Indeed, many of the solutions to keep the next cohort of middle class households within our planetary boundaries, already exist and need to rapidly move from laboratories to the real world within the next decade.

Hollywood as a driver of change

Current sustainability initiatives in Hollywood are insufficient and insular.  To date, efforts have focused on several activist actors and actresses speaking out on environmental issues, internal efforts to reduce the environment footprint of each production set, and disaster movies (e.g., The Day After Tomorrow, An Inconvenient Truth, Geostorm, Snowpiercer). 

Whilst many lead actors and actresses speak out in favor of environmental causes, if an assessment was ever conducted on their characters’ carbon and environmental footprints - in addition to their characters’ finances - it would not be sustainable for fans to follow such lifestyles.

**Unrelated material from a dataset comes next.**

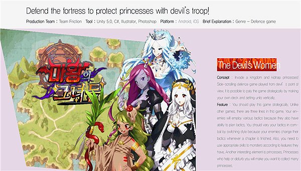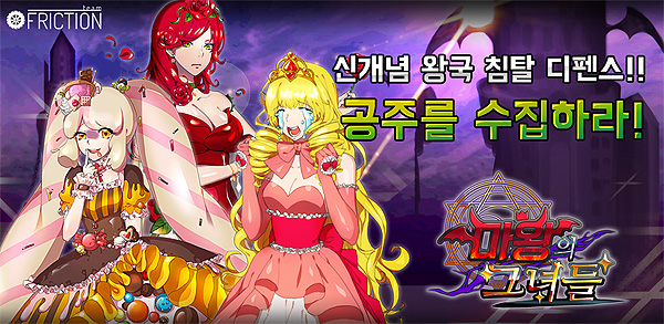 '마왕의 그녀들'은 마왕군의 시점에서 펼쳐지는 횡스크롤 RPG 디펜스 게임으로 왕국을 침략해 공주를 모으는 내용을 담고 있다.

It is not unprecedented for Hollywood to inspire a new generation of technological innovation, a case of life imitating art. A version of the Health Tricorder from the 1970s Star Trek has now been developed via a Qualcomm X-Prize; flying cars from Back to the Future and the Jetsons are finally close to launch among several Silicon Valley companies; several futuristic technologies shown in Stephen Spielberg’s 2002 movie Minority Report, have already been released.

A new category of Green Oscars?

Could a Green Oscar be the right path to both reflect and shift the world’s consumption patterns? It is not unprecedented for the Academy of Motion Picture Arts and Sciences – who are responsible for the Oscars – to introduce or retire awards to ensure movie making remains relevant to the issues audiences and filmmakers care about.  Today, there are 24 categories of film-making, with 7 categories having been retired over the past 92 years, and discussion in 2018 around a new category for the most ‘Outstanding Popular Film.’

A new category for a ‘Green Oscar’ could motivate the ingenuity and creativity of the same Hollywood scriptwriters and imagineers who gave us such innovations as Back to the Future’s Flux Capacitor, the MCU’s Infinity Stones, and Harry Potter’s wands, spells and potions to develop aspirational new ways to frame solutions to our climate and planetary crisis. Climate solutions should be inspiring, not tedious.

With viewership at the latest Academy Awards at its lowest, could a Green Oscar category, raise its relevance among a newer, younger generation who are more environmentally minded, and who wish to see a more realistic depiction of the futures they are likely to experience, in the face of an impending Planetary Environment Crisis.

Sure, a new oscar category may not be a solution in itself, but could trigger a much larger force for change as Hollywood has repeatedly shown it is capable of over a century adapting to challenges and inventions of sound, color, TV, multiplexes, VHS tapes, online piracy, streaming and shifting value systems over this time.

We urgently need to glamorize the more sustainable lifestyles of the future, for our sakes and the planets.